Start of RECORD EXTRACTS

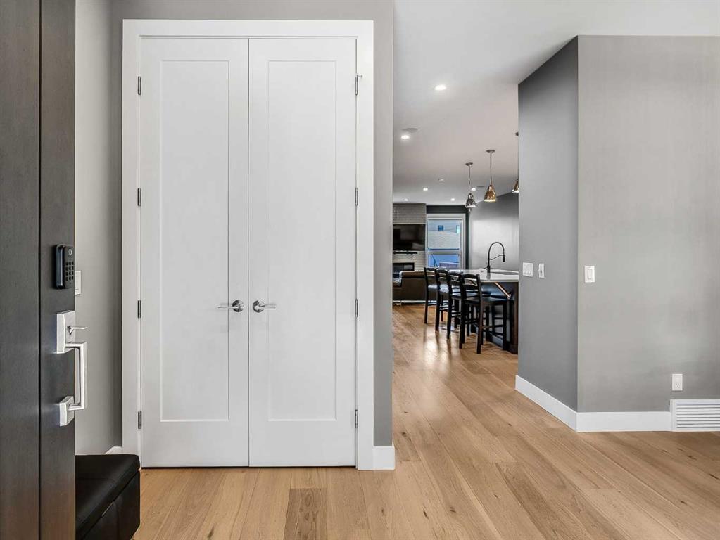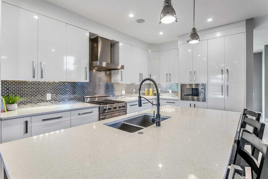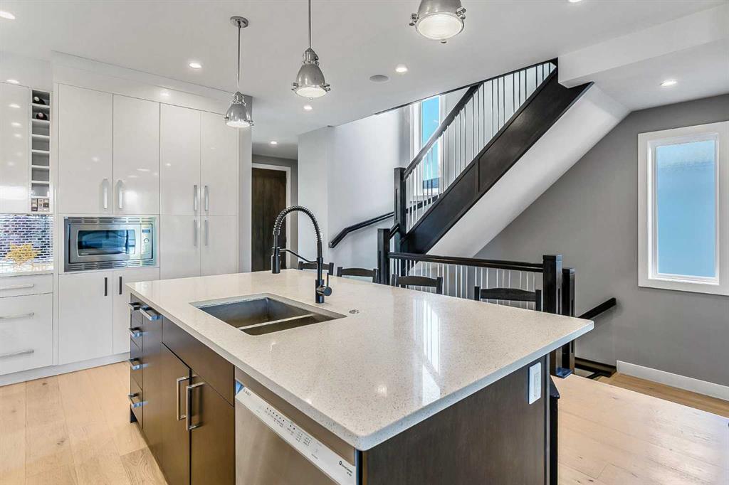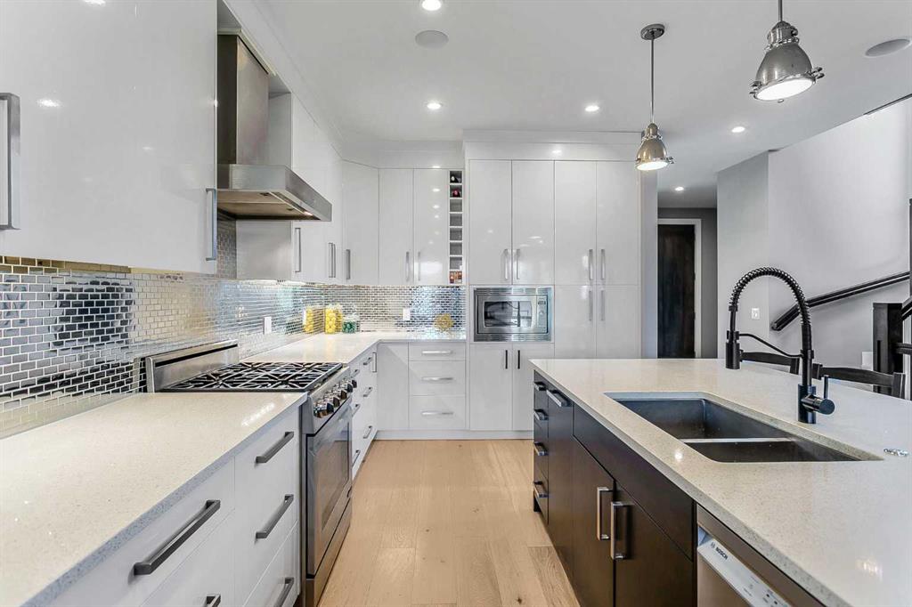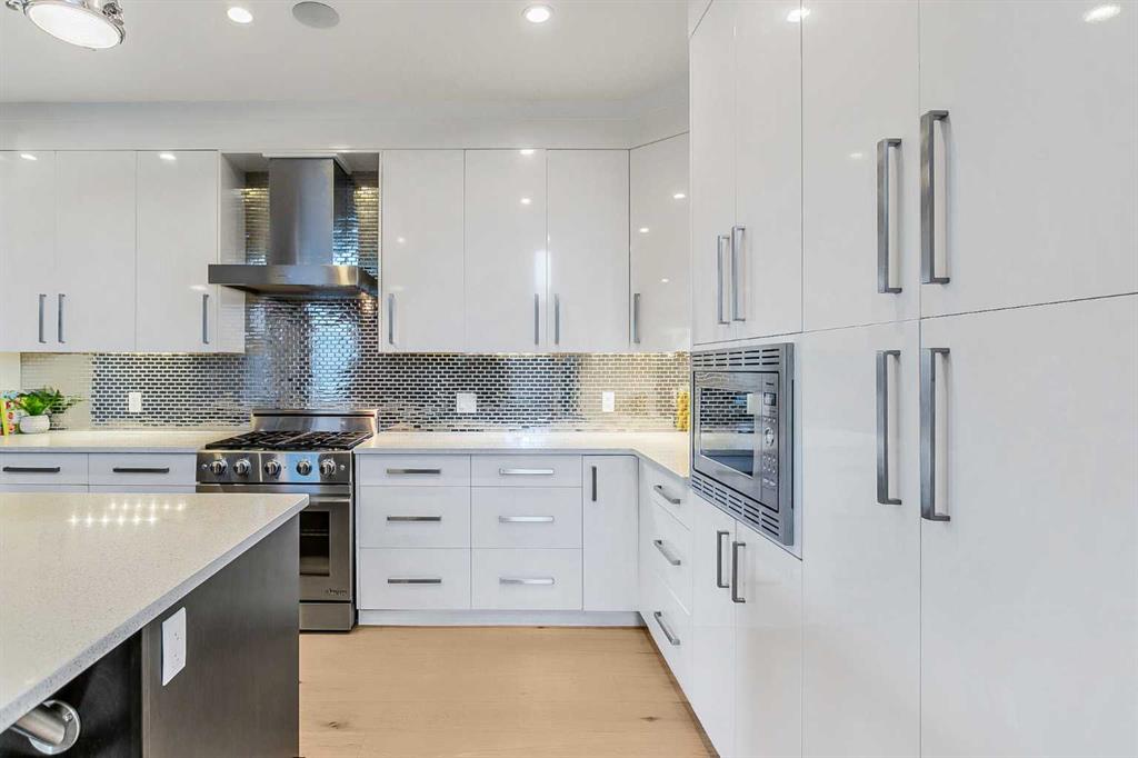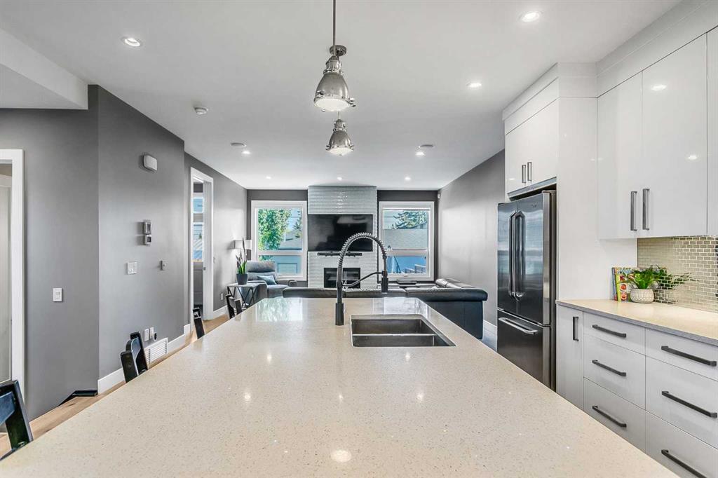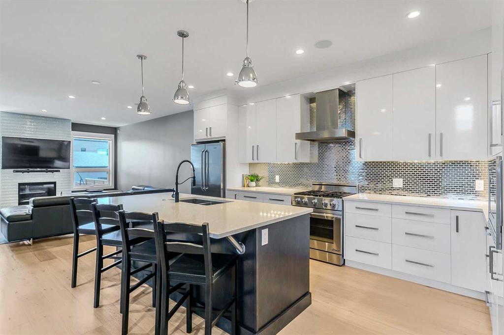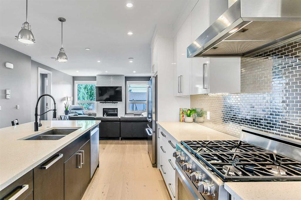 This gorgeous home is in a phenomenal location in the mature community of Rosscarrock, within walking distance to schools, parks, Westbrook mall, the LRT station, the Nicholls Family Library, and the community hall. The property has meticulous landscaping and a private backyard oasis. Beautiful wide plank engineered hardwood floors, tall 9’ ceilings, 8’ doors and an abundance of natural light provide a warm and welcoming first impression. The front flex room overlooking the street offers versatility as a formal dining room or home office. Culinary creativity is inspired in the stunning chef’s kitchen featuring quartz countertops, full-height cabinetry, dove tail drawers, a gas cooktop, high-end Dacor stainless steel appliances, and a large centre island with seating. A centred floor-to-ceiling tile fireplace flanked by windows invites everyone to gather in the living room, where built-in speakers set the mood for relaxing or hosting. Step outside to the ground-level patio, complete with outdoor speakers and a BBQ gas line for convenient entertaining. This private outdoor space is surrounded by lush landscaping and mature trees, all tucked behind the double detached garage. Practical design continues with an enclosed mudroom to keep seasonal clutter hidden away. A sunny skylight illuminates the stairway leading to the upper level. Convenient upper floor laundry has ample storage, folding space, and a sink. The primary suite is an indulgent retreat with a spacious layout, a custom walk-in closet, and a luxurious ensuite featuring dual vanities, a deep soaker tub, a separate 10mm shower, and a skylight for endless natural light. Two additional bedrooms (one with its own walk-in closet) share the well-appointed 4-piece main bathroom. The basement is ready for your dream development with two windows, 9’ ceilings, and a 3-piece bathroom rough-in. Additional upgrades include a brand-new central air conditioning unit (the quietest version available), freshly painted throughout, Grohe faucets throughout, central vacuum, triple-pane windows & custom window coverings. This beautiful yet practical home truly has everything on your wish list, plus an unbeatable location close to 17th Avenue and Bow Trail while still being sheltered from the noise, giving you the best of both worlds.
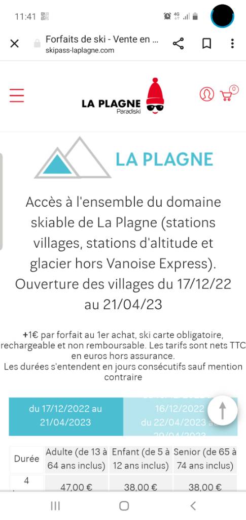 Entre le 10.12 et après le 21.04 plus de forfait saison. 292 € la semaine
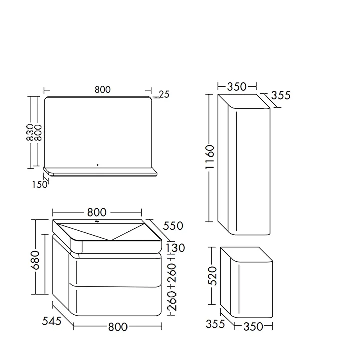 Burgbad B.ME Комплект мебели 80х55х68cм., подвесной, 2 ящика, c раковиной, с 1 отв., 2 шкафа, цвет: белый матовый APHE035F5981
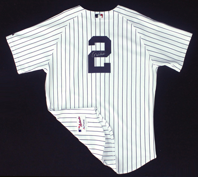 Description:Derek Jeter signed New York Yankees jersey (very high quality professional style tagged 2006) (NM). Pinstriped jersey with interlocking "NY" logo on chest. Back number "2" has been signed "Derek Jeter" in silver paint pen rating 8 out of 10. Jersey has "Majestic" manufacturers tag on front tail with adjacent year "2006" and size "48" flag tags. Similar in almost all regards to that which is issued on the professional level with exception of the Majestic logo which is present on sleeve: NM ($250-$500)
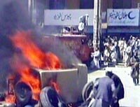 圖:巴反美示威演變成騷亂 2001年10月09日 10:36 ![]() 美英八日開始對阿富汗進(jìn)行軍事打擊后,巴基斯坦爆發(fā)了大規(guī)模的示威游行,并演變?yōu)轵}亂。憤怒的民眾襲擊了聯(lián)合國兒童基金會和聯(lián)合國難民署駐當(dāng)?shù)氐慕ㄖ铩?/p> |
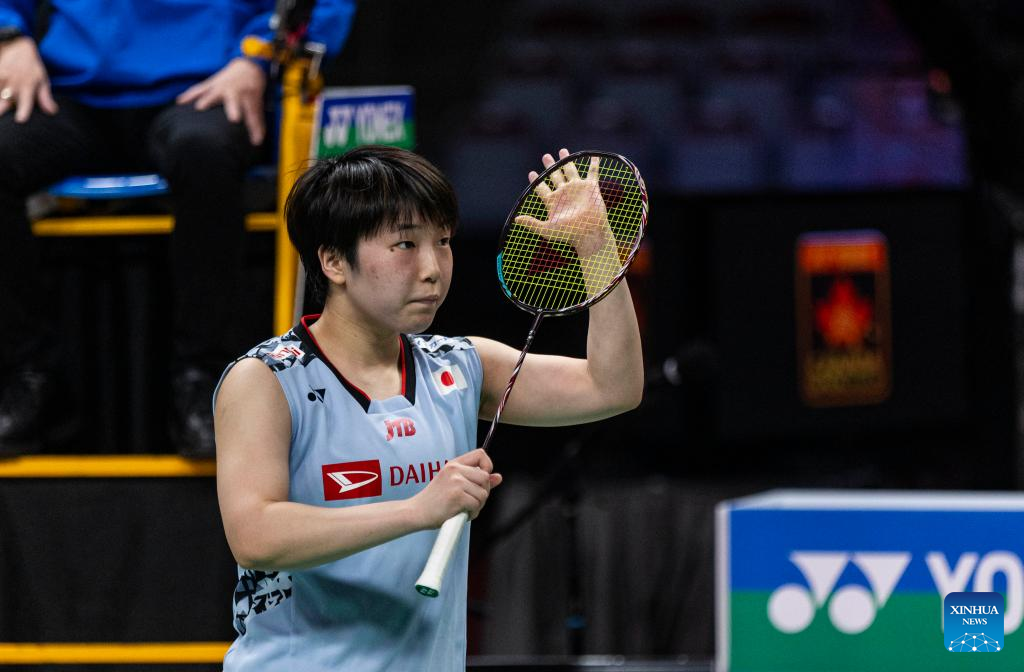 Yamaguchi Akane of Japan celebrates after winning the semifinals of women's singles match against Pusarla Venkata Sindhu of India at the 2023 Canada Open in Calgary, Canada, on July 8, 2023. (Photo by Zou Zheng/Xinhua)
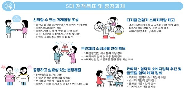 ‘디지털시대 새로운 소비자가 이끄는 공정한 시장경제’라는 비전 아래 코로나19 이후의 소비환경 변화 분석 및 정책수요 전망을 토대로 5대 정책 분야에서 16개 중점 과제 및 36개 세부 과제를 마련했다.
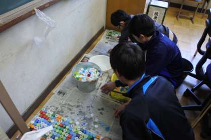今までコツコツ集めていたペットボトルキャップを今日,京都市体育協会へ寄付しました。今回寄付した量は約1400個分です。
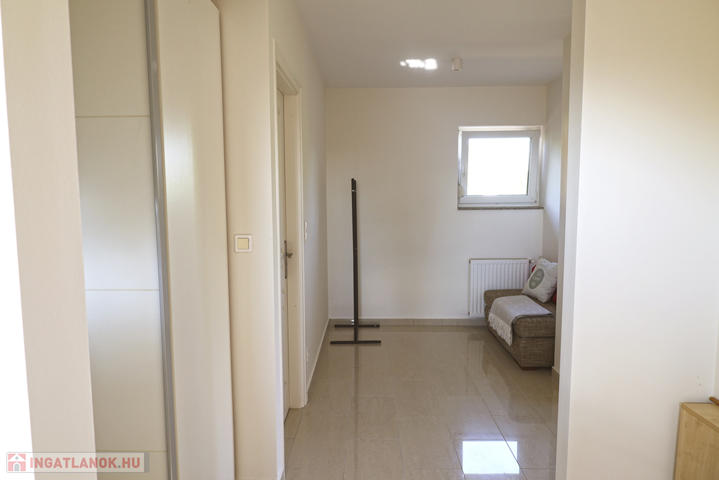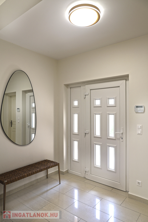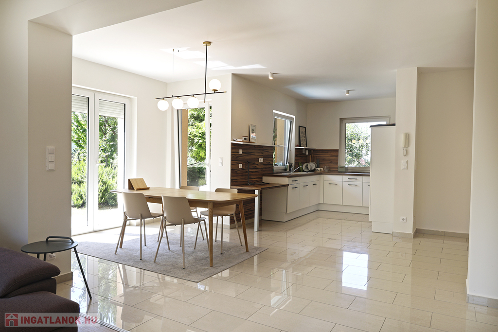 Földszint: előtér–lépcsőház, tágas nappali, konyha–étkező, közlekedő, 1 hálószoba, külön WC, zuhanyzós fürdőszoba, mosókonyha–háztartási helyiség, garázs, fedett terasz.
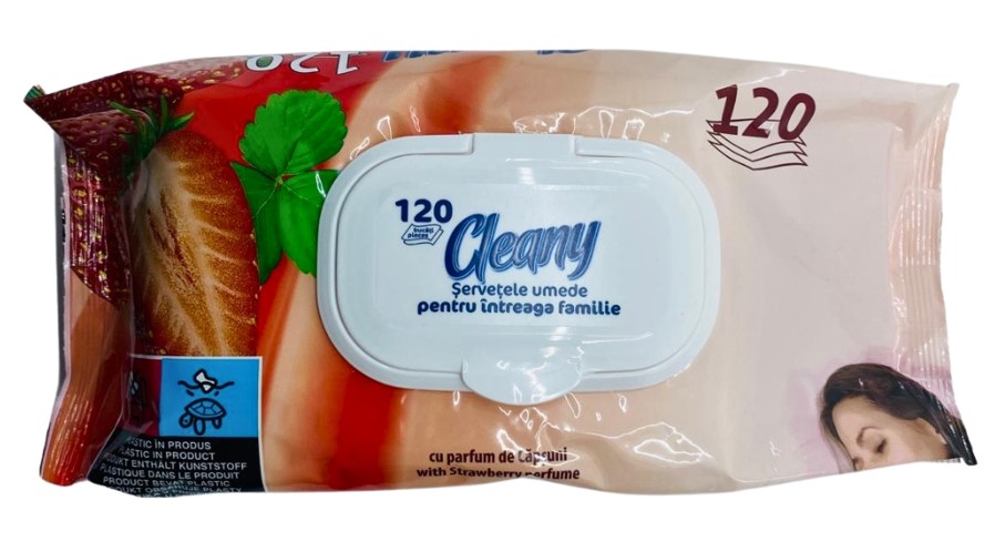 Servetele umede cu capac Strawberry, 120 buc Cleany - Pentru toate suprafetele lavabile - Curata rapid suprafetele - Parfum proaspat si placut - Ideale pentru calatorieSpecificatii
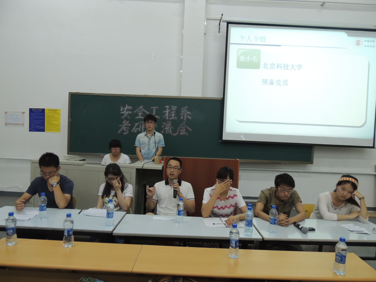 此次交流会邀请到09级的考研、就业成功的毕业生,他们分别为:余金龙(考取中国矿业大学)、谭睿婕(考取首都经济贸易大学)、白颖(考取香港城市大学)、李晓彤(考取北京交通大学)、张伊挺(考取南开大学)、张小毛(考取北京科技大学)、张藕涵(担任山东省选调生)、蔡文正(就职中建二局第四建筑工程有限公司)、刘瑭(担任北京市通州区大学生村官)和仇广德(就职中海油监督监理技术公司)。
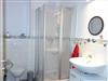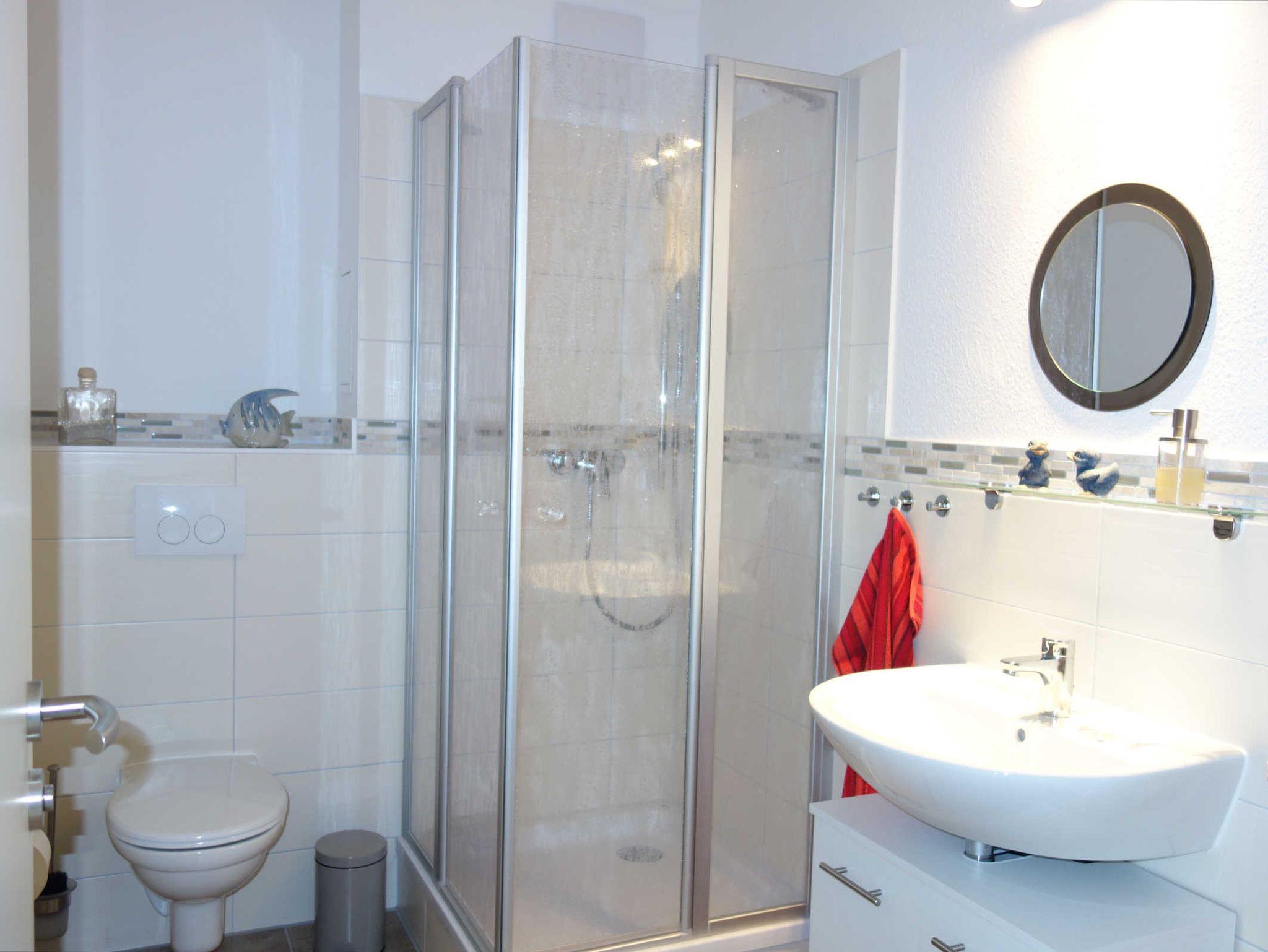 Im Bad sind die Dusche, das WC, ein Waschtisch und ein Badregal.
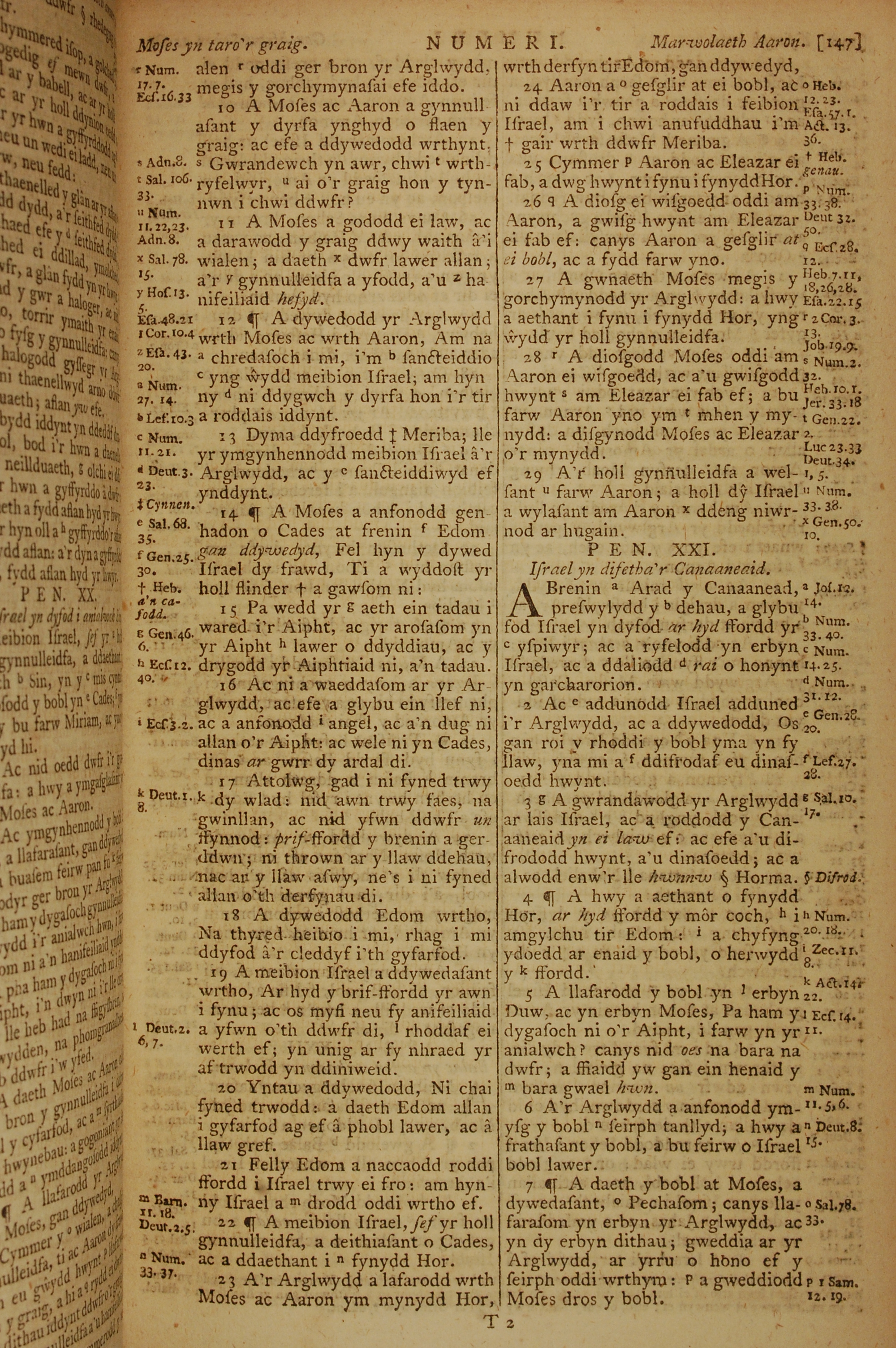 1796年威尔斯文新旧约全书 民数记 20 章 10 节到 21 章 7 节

End of RECORD EXTRACTS

WHAT YOU NEED TO DO
Word for word, give again the lines from the line with "Földszint: előtér–lépcsőház, tágas" through the end of the records above, with both ends included and the pictures left out.

ANSWER FOR THIS EXERCISE
 Földszint: előtér–lépcsőház, tágas nappali, konyha–étkező, közlekedő, 1 hálószoba, külön WC, zuhanyzós fürdőszoba, mosókonyha–háztartási helyiség, garázs, fedett terasz.
 Servetele umede cu capac Strawberry, 120 buc Cleany - Pentru toate suprafetele lavabile - Curata rapid suprafetele - Parfum proaspat si placut - Ideale pentru calatorieSpecificatii
 此次交流会邀请到09级的考研、就业成功的毕业生,他们分别为:余金龙(考取中国矿业大学)、谭睿婕(考取首都经济贸易大学)、白颖(考取香港城市大学)、李晓彤(考取北京交通大学)、张伊挺(考取南开大学)、张小毛(考取北京科技大学)、张藕涵(担任山东省选调生)、蔡文正(就职中建二局第四建筑工程有限公司)、刘瑭(担任北京市通州区大学生村官)和仇广德(就职中海油监督监理技术公司)。
 Im Bad sind die Dusche, das WC, ein Waschtisch und ein Badregal.
 1796年威尔斯文新旧约全书 民数记 20 章 10 节到 21 章 7 节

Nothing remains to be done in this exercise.